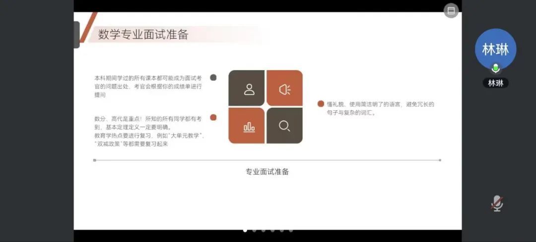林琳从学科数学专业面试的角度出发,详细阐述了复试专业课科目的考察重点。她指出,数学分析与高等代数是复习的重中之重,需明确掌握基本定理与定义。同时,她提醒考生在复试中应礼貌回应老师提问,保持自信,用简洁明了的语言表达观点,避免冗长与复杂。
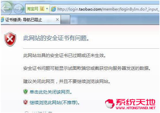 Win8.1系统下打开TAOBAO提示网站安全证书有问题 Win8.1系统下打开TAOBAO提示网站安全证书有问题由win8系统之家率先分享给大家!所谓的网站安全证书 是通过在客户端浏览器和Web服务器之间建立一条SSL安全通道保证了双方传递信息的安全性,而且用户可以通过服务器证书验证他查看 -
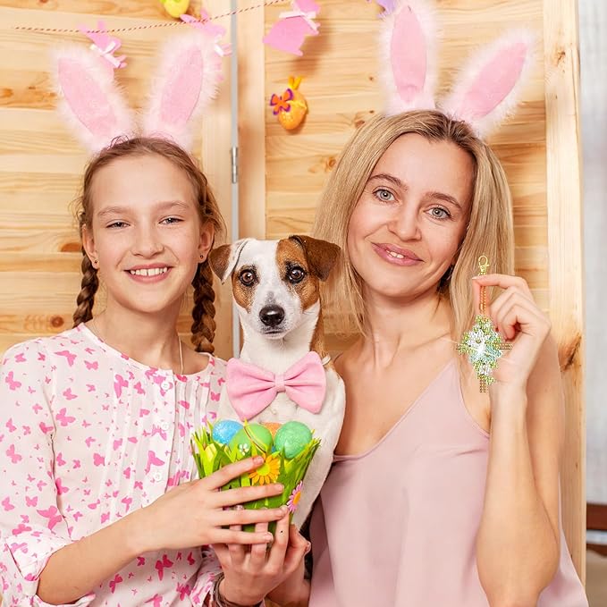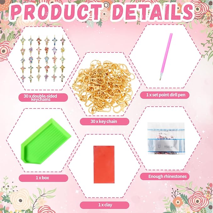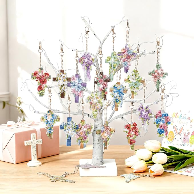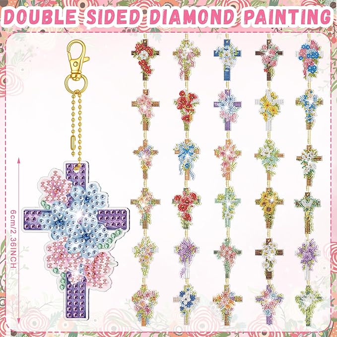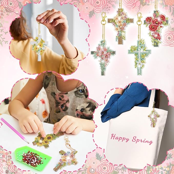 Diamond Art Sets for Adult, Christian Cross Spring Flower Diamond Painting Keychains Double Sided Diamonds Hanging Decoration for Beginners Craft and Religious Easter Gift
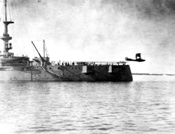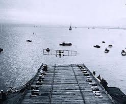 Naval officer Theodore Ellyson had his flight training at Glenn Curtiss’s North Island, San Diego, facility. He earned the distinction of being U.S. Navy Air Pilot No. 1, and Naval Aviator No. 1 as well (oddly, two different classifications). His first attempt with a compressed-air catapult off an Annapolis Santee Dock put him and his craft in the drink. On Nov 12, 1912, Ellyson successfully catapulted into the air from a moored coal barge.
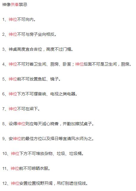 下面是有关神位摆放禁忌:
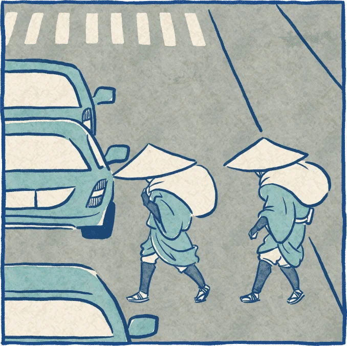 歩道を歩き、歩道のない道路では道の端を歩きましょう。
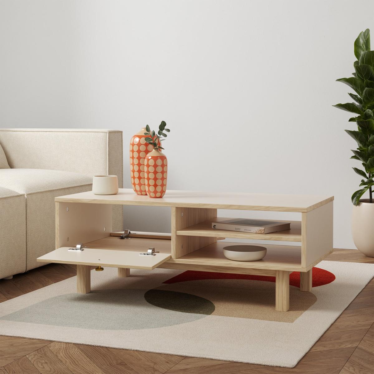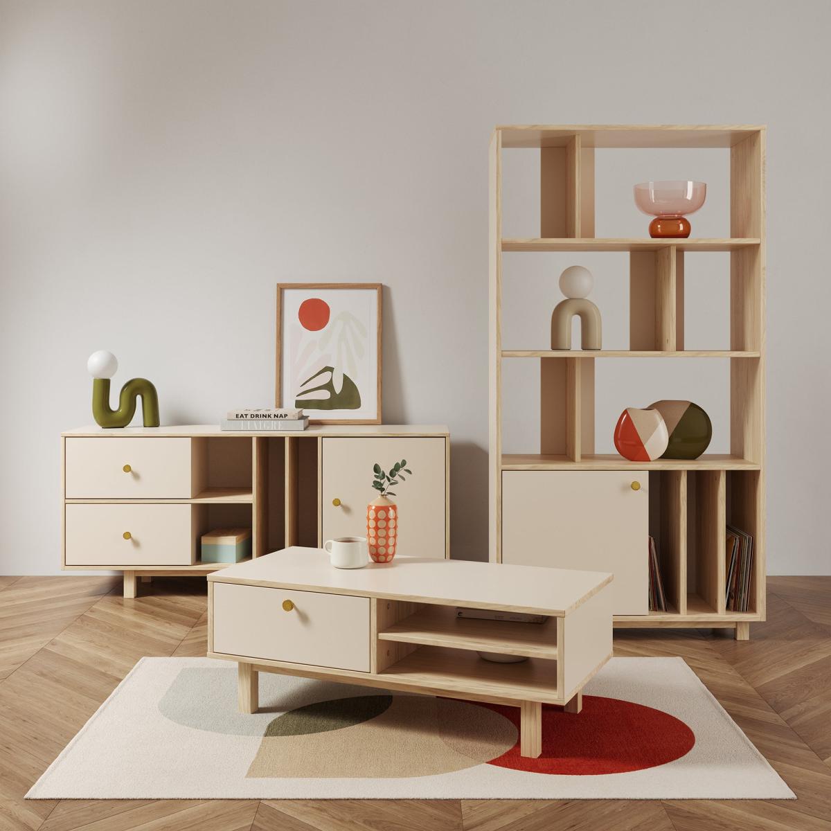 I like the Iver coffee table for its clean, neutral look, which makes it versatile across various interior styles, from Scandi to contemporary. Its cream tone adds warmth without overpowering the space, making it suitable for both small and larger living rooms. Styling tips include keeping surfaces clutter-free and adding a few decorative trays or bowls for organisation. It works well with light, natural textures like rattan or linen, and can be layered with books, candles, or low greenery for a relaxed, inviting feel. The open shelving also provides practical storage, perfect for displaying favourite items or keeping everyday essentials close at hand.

----------------------------------------

TASK BRIEF –
Output every entry word for word, but omit the pictures.

RESPONSE –
林琳从学科数学专业面试的角度出发,详细阐述了复试专业课科目的考察重点。她指出,数学分析与高等代数是复习的重中之重,需明确掌握基本定理与定义。同时,她提醒考生在复试中应礼貌回应老师提问,保持自信,用简洁明了的语言表达观点,避免冗长与复杂。
 Win8.1系统下打开TAOBAO提示网站安全证书有问题 Win8.1系统下打开TAOBAO提示网站安全证书有问题由win8系统之家率先分享给大家!所谓的网站安全证书 是通过在客户端浏览器和Web服务器之间建立一条SSL安全通道保证了双方传递信息的安全性,而且用户可以通过服务器证书验证他查看 -
 Diamond Art Sets for Adult, Christian Cross Spring Flower Diamond Painting Keychains Double Sided Diamonds Hanging Decoration for Beginners Craft and Religious Easter Gift
 Naval officer Theodore Ellyson had his flight training at Glenn Curtiss’s North Island, San Diego, facility. He earned the distinction of being U.S. Navy Air Pilot No. 1, and Naval Aviator No. 1 as well (oddly, two different classifications). His first attempt with a compressed-air catapult off an Annapolis Santee Dock put him and his craft in the drink. On Nov 12, 1912, Ellyson successfully catapulted into the air from a moored coal barge.
 下面是有关神位摆放禁忌:
 歩道を歩き、歩道のない道路では道の端を歩きましょう。
 I like the Iver coffee table for its clean, neutral look, which makes it versatile across various interior styles, from Scandi to contemporary. Its cream tone adds warmth without overpowering the space, making it suitable for both small and larger living rooms. Styling tips include keeping surfaces clutter-free and adding a few decorative trays or bowls for organisation. It works well with light, natural textures like rattan or linen, and can be layered with books, candles, or low greenery for a relaxed, inviting feel. The open shelving also provides practical storage, perfect for displaying favourite items or keeping everyday essentials close at hand.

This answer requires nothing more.